> _REQUIREMENT_:
The data below should be restated word for word, pictures omitted.
===== DATASET EXCERPTS =====
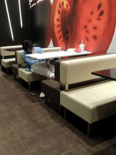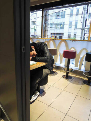 At three o’clock in the morning after singing in the karaoke bar, the subways in Tokyo are finished running. You are resigned to take a taxi, but as this is ridiculously expensive many Japanese have come up with an alternative. They go to the nearby Mc Donald’s. Instead of a meal, cups of soda or cheap coffee are being ordered. Everyone is seeking a comfortable place to take a nap until the first Metro starts up. For a week we got up at half past three in the morning to witness this phenomenon. The cities of the world are starting to look more and more alike – you can find the exact same stores and chains everywhere. What took us by surprise about this place is that a universal format such as McDonald’s can be temporarily transformed into a hotel.
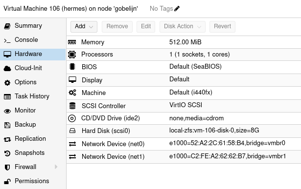deb.debian.org mirror, because it blocks VPN connections.Don't forget to add both network bridges to it. Once you're done, it's hardware setup should look like this:
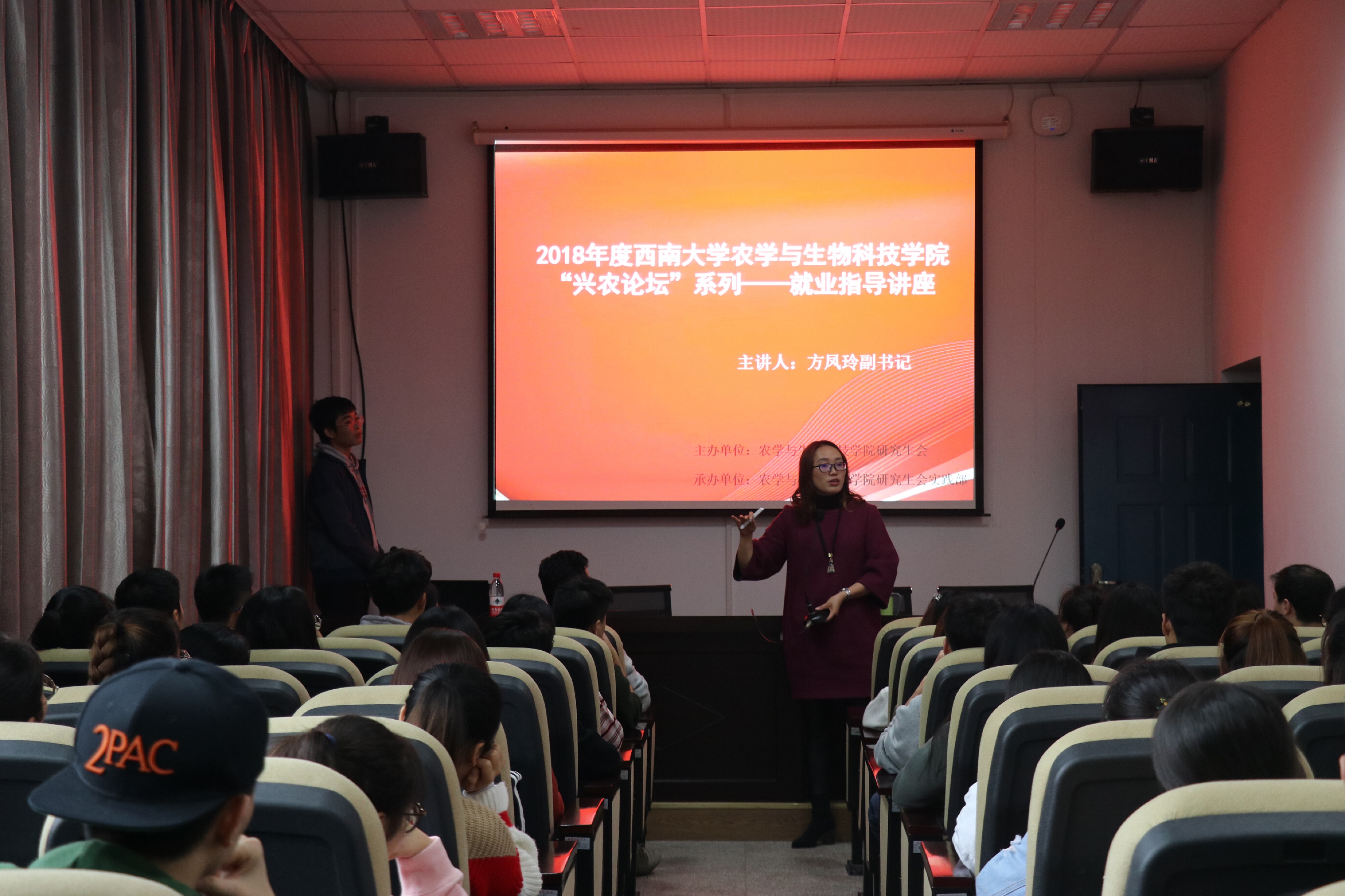 为了加强对学生就业方面的指导与帮助,使同学们在当前严峻的就业形势下能安之若素、充分发挥自身优势。10月25日下午3:00,由农学与生物科技学院研究生会主办的兴农论坛之就业指导讲座在棉研楼501室成功举行。讲座特邀农生院党委副书记方凤玲主讲,农生院在校研究生参加了本次讲座。
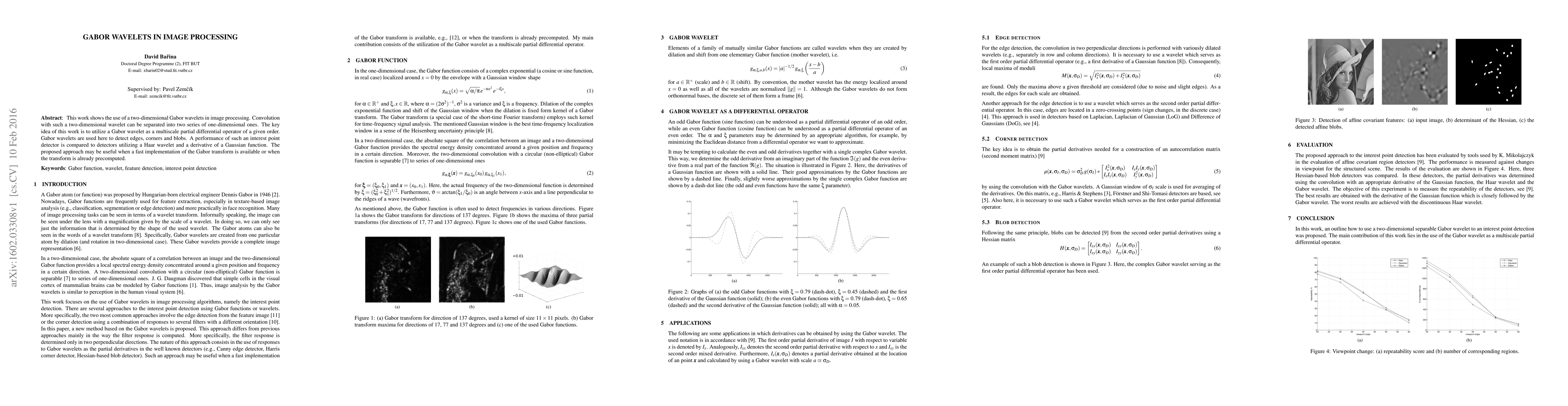 This paper explores the application of two-dimensional Gabor wavelets in image processing, demonstrating their effectiveness as multiscale partial differential operators for detecting edges, corners, and blobs. The performance of the Gabor wavelet-based detector is compared to those using Haar wavelets and Gaussian derivatives, highlighting its utility in fast implementations.
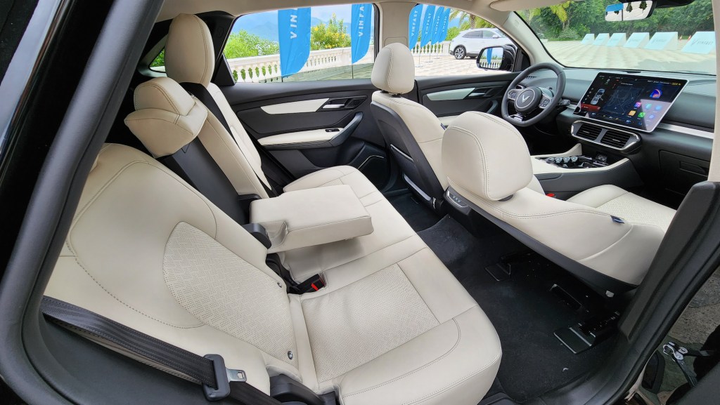 VF8的2,950 mm軸距比韓國對手僅短50 mm。當再加高效之空間利用設計和世界級手功質感,筆者覺得這個車廂舒適程度絕對拍得上同價主流電車。在儀錶板方面VF8就較傾向Model 3之簡化設計,幾乎所有功能均需透過儀錶板中央單一的15.6吋觸敏屏幕來調較。只有音量,門鎖和波箱糸統仍在中控台上設有實體按制。幸好車廂各項調較亦可由聲控來運作。
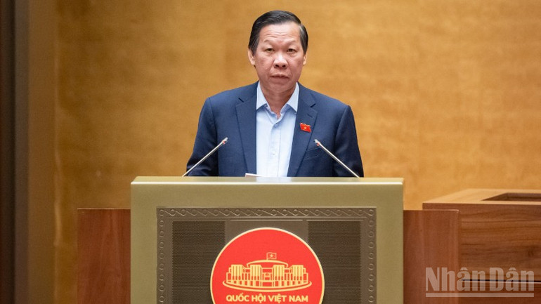 Trước khi các đại biểu tiến hành bấm nút thông qua, Chủ nhiệm Ủy ban Kinh tế và Tài chính của Quốc hội Phan Văn Mãi đã trình bày báo cáo giải trình, tiếp thu, chỉnh lý dự thảo nghị quyết.
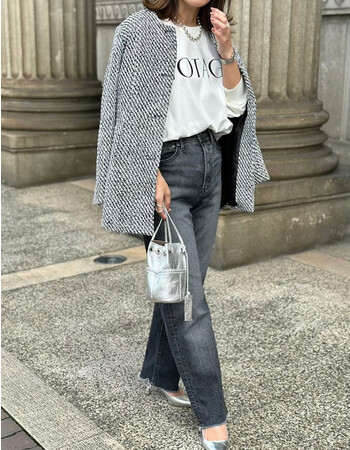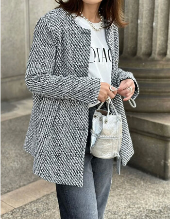 旬のペプラムシルエットで仕上げたツイード調のノーカラージャケット。 金ボタンがアクセントになり、モードな雰囲気を演出。 ヒップ周りはすっぽりと覆い、さりげなく体型カバーできるのが嬉しいポイント。 首元はすっきりとしたノーカラーなので、ハイネックトップスと合わせてもさまになります。
=====
> _OUTPUT BELOW_:
 At three o’clock in the morning after singing in the karaoke bar, the subways in Tokyo are finished running. You are resigned to take a taxi, but as this is ridiculously expensive many Japanese have come up with an alternative. They go to the nearby Mc Donald’s. Instead of a meal, cups of soda or cheap coffee are being ordered. Everyone is seeking a comfortable place to take a nap until the first Metro starts up. For a week we got up at half past three in the morning to witness this phenomenon. The cities of the world are starting to look more and more alike – you can find the exact same stores and chains everywhere. What took us by surprise about this place is that a universal format such as McDonald’s can be temporarily transformed into a hotel.
deb.debian.org mirror, because it blocks VPN connections.Don't forget to add both network bridges to it. Once you're done, it's hardware setup should look like this:
 为了加强对学生就业方面的指导与帮助,使同学们在当前严峻的就业形势下能安之若素、充分发挥自身优势。10月25日下午3:00,由农学与生物科技学院研究生会主办的兴农论坛之就业指导讲座在棉研楼501室成功举行。讲座特邀农生院党委副书记方凤玲主讲,农生院在校研究生参加了本次讲座。
 This paper explores the application of two-dimensional Gabor wavelets in image processing, demonstrating their effectiveness as multiscale partial differential operators for detecting edges, corners, and blobs. The performance of the Gabor wavelet-based detector is compared to those using Haar wavelets and Gaussian derivatives, highlighting its utility in fast implementations.
 VF8的2,950 mm軸距比韓國對手僅短50 mm。當再加高效之空間利用設計和世界級手功質感,筆者覺得這個車廂舒適程度絕對拍得上同價主流電車。在儀錶板方面VF8就較傾向Model 3之簡化設計,幾乎所有功能均需透過儀錶板中央單一的15.6吋觸敏屏幕來調較。只有音量,門鎖和波箱糸統仍在中控台上設有實體按制。幸好車廂各項調較亦可由聲控來運作。
 Trước khi các đại biểu tiến hành bấm nút thông qua, Chủ nhiệm Ủy ban Kinh tế và Tài chính của Quốc hội Phan Văn Mãi đã trình bày báo cáo giải trình, tiếp thu, chỉnh lý dự thảo nghị quyết.
 旬のペプラムシルエットで仕上げたツイード調のノーカラージャケット。 金ボタンがアクセントになり、モードな雰囲気を演出。 ヒップ周りはすっぽりと覆い、さりげなく体型カバーできるのが嬉しいポイント。 首元はすっきりとしたノーカラーなので、ハイネックトップスと合わせてもさまになります。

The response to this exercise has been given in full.